The latest and best information is collected at the state government’s COVID-19 master reference site: https://covid19.ca.gov/ (updated almost daily). This plan has four “tiers” and is based on a requirement that counties “… show consistent progress in stemming transmission of the coronavirus before they can advance to the next tier of reopening.
This more “robust” plan is “designed to correct some of the mistakes made during California’s initial reopening attempt in May.” The tiers are “ranked by the percentage of positive COVID-19 tests and the number of new cases.” Generally, the state sets certain rules that are effective within each tier for the counties that are assigned to that tier. But counties and municipal governments have some leeway to impose variations that are stricter than the statewide provisions.
On the announcement date (August 28, 2020) the majority of California’s 58 counties were in the most stringent “Tier 1.” Color-coded purple, it represents a “widespread” county risk level in which “many non-essential indoor business operations are closed.” On that date, all of Southern California was in Tier 1 except for San Diego County which had placed in Tier 2, color-coded red, representing a “substantial” risk level in which “some non-essential indoor business operations are closed.” San Francisco has also been in Tier 2 from the beginning of this new plan.
On the state’s master site, there is an interactive chart to view and understand each county’s current tier status. Another helpful reference source is the Los Angeles Times: Which California counties are reopening? (updated almost daily). There’s been some movement among counties since the first week of this new plan when 38 of the counties were in the most restrictive category. As of September 12, 2020, just 33 counties with some 71% of California’s population are “rated too risky to reopen.” Key changes include Orange County, Santa Clara County, and Santa Cruz County which moved from Tier 1 to Tier 2 while San Diego is in some danger of being sent down to Tier 1 from Tier 2. Changes are scheduled to be announced each Tuesday.

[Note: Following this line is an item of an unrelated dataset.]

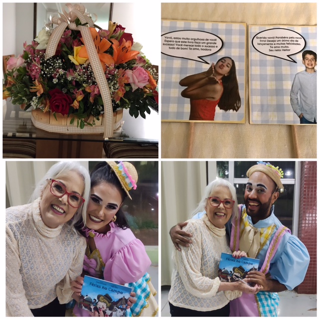 Essa maravilha de cesta de flores, recebi das mãos de meus netos Cesinha e Daniel que ainda falaram na frente de todos (estavam bem encabulados) e na segunda foto, as mensagens vindas de Angola dos meusnetos de lá: Isadora e Heitor; nas duas últimas fotos, estou com os artistas maravilhosos da Sou Arteque abrilhantaram nossa festa. No próximo teremos muitas fotos com eles.

[Update 9/16/20 : San Diego County has received official notice it may be moved back to purple next week if numbers continue in the wrong direction. A major spike is related to an outbreak on the SDSU campus. The County asked Governor Newsom to separate out the SDSU cluster for purposes of evaluation of the county-wide tier status. So far, the answer is no.]
The only counties currently in Tier 3 (nine) and Tier 4 (two) are in the most rural northern and eastern parts of the state. The Los Angeles Times’s chart has a section called “How it shakes out” with a color-coded map of the entire state.
The Los Angeles Times’s chart includes another useful section titled “What’s open in your county?” The default section is Los Angeles County which started out and remains in Tier 1; you can type in your own county to bring up that information.
What’s particularly helpful with this chart is that it lists the rules for certain activity categories including a number of ones that are mostly nonprofit in nature. For instance, there is information about: libraries, museums, zoos, places of worship & cultural ceremonies, higher ed, K-12 schools, and – of course – “nonessential business offices.”
These charts also indicate when there is a “stricter” variation in a county from the state’s standard within a particular tier. Check, too, with your local government’s websites for information about variations closer to home.
A final note for now: Just because the government permits you to reopen doesn’t necessarily mean it’s a good idea to make that move at the earliest allowable opportunity. There are many considerations including liability issues and well as the nonprofit board’s fiduciary duties to its own personnel as well as the general public. We’ll take a stab at those topics in upcoming posts.